_EXERCISE AIM_: Below are some records; output exactly the lines from the line with "清晨微寒,旭日东升,寒风凛冽" to the line with "Der Knick gleich", both ends kept, and nothing more.

_SUPPLIED ENTRIES_:
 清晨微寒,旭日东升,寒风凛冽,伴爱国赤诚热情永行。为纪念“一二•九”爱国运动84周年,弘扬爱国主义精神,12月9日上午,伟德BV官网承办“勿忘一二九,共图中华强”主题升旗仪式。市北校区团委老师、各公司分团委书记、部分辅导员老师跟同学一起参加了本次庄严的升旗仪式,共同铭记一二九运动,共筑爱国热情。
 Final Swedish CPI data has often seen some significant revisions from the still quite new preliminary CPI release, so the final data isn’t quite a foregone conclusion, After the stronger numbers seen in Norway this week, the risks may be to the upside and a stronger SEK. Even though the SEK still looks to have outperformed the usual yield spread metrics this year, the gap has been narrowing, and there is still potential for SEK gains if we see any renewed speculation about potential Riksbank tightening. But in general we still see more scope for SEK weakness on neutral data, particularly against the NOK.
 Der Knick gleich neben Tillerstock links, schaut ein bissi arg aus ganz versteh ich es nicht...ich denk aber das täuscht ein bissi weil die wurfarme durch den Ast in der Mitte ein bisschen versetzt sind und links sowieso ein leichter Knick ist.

--

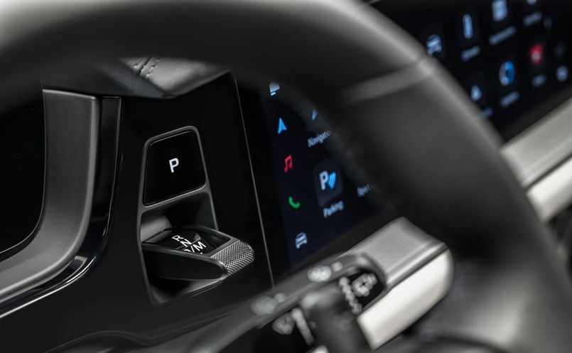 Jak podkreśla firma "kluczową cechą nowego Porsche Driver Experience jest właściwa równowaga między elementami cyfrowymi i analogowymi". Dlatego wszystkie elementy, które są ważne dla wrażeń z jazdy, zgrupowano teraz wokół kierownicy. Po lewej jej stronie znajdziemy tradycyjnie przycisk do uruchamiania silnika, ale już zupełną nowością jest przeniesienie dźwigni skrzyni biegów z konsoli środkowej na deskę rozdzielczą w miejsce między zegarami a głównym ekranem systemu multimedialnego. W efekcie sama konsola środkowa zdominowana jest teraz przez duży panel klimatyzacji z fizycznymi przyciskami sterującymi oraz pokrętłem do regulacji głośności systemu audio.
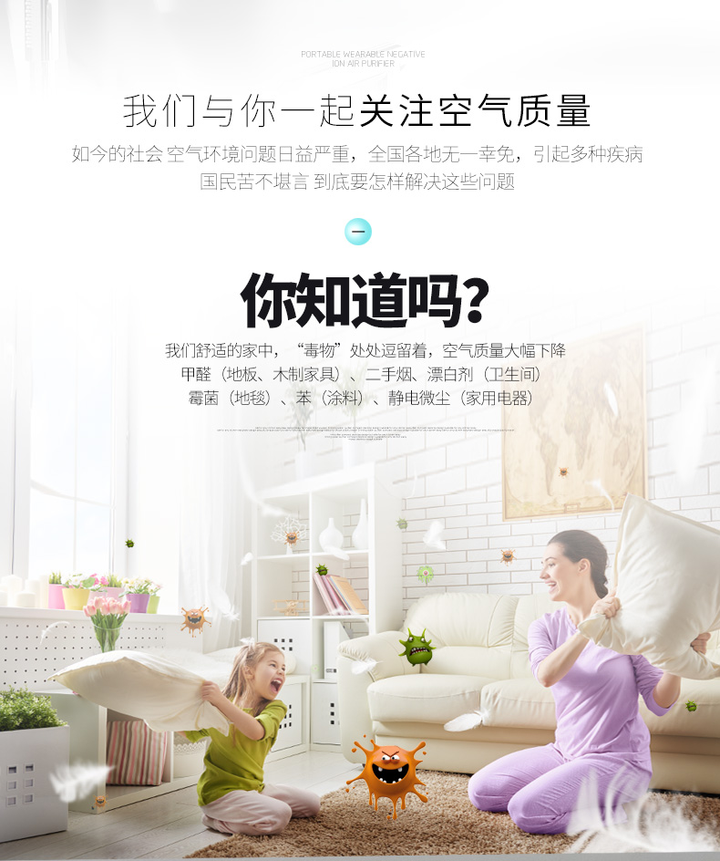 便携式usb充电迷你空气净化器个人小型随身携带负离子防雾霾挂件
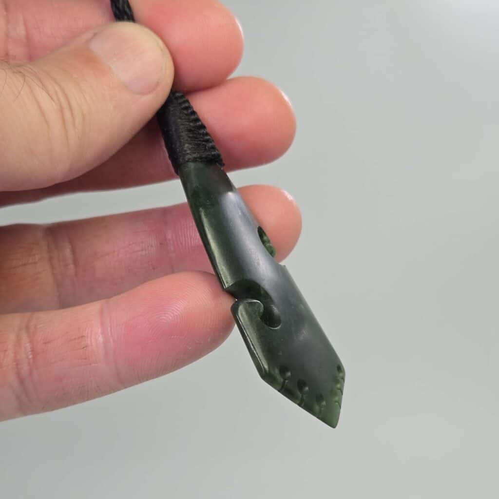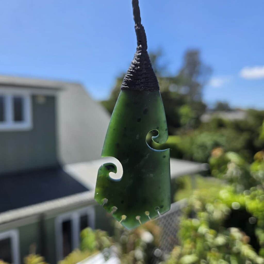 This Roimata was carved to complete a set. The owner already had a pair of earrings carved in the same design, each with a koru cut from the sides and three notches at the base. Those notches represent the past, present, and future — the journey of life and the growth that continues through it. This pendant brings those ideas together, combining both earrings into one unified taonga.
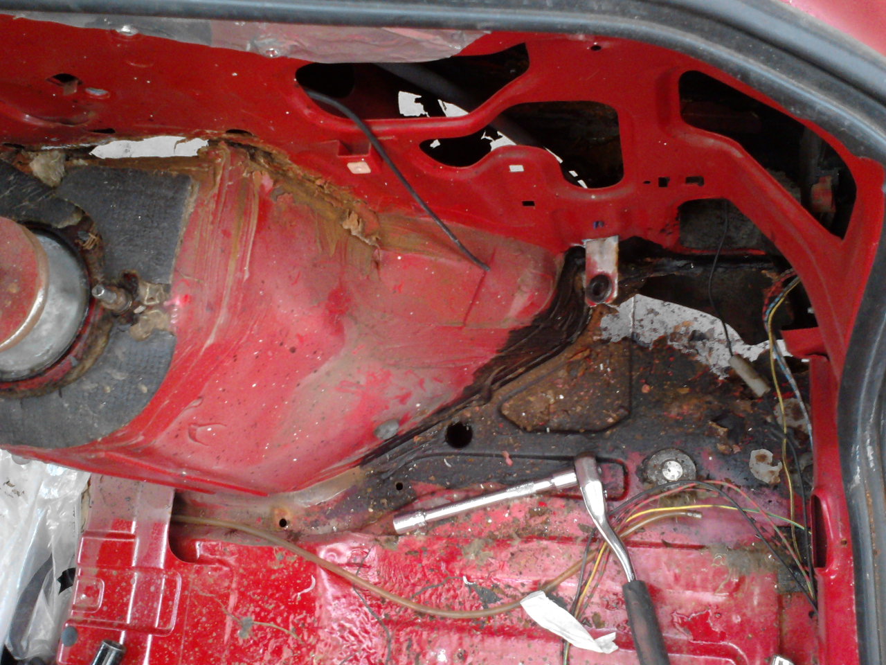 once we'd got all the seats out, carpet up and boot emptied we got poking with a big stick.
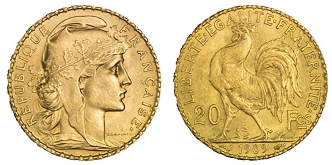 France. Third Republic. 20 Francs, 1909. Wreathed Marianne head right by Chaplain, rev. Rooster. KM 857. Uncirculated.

...

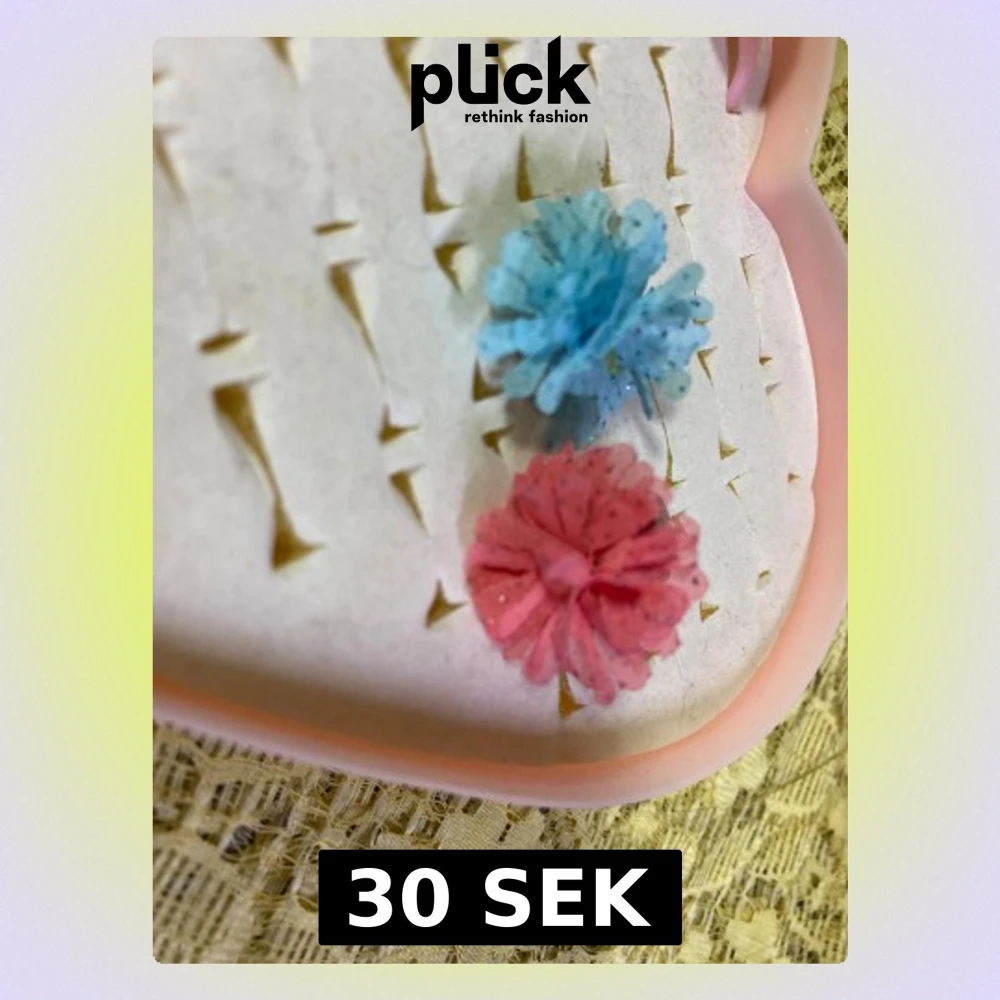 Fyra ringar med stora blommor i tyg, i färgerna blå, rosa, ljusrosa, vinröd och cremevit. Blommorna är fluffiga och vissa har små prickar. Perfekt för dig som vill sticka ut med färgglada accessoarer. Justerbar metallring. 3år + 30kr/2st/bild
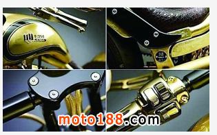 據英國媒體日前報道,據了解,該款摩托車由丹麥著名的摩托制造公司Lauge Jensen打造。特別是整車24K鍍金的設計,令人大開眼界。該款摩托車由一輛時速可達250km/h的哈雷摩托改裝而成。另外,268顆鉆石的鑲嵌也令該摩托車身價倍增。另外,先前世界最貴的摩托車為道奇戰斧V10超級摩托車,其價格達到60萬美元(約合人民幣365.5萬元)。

_EXPECTED ANSWER_:
 清晨微寒,旭日东升,寒风凛冽,伴爱国赤诚热情永行。为纪念“一二•九”爱国运动84周年,弘扬爱国主义精神,12月9日上午,伟德BV官网承办“勿忘一二九,共图中华强”主题升旗仪式。市北校区团委老师、各公司分团委书记、部分辅导员老师跟同学一起参加了本次庄严的升旗仪式,共同铭记一二九运动,共筑爱国热情。
 Final Swedish CPI data has often seen some significant revisions from the still quite new preliminary CPI release, so the final data isn’t quite a foregone conclusion, After the stronger numbers seen in Norway this week, the risks may be to the upside and a stronger SEK. Even though the SEK still looks to have outperformed the usual yield spread metrics this year, the gap has been narrowing, and there is still potential for SEK gains if we see any renewed speculation about potential Riksbank tightening. But in general we still see more scope for SEK weakness on neutral data, particularly against the NOK.
 Der Knick gleich neben Tillerstock links, schaut ein bissi arg aus ganz versteh ich es nicht...ich denk aber das täuscht ein bissi weil die wurfarme durch den Ast in der Mitte ein bisschen versetzt sind und links sowieso ein leichter Knick ist.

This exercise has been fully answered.